Towards Low Latency Multi-viewpoint 360° Interactive Video: A Multimodal Deep Reinforcement Learning Approach
Why this work is in the frame
A frame that forgets how it found something cannot be audited. These are the routes that admitted this work.
Bibliographic record
Abstract
Recently, the fusion of 360° video and multi-viewpoint video, called multi-viewpoint (MVP) 360° interactive video, has emerged and created much more immersive and interactive user experience, but calls for a low latency solution to request the high-definition contents. Such viewing-related features as head movement have been recently studied, but several key issues still need to be addressed. On the viewer side, it is not clear how to effectively integrate different types of viewing-related features. At the session level, questions such as how to optimize the video quality under dynamic networking conditions and how to build an end-to-end mapping between these features and the quality selection remain to be answered.
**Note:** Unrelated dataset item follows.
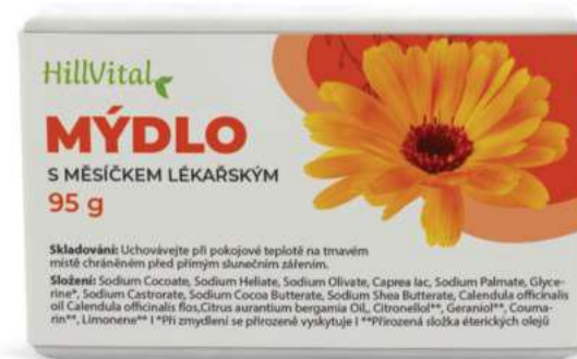
Mýdlo s měsíčkem lékařským Hojení ran a záněty | 95 g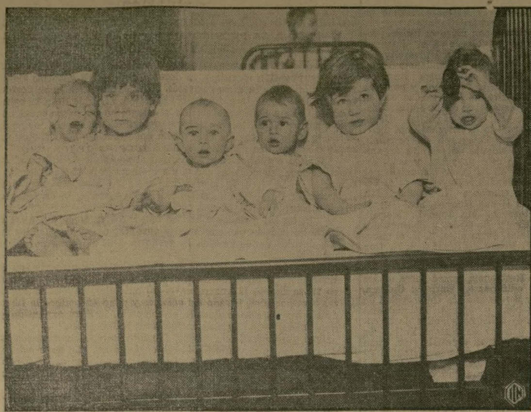
Niños que han tenido que ser atendidos en el hospital de Elizabeth, N. J., después de haberse descubierto que en la granja en que se les cuidaba no eran atendidos en la forma debida.

The solutions to these questions are further complicated given the many practical challenges, e.g., incomplete feature extraction and inaccurate prediction.This paper presents an architecture, called iView, to address the aforementioned issues in an MVP 360° interactive video scenario. To fully understand the viewing-related features and provide a one-step solution, we advocate multimodal learning and deep reinforcement learning in the design. iView intelligently determines video quality and reduces the latency without pre-programmed models or assumptions. We have evaluated iView with multiple real-world video and network datasets. The results showed that our solution effectively utilizes the features of video frames, networking throughput, head movements, and viewpoint selections, achieving at least 27.2%, 15.4%, and 2.8% improvements on the three video datasets, respectively, compared with several state-of-the-art methods.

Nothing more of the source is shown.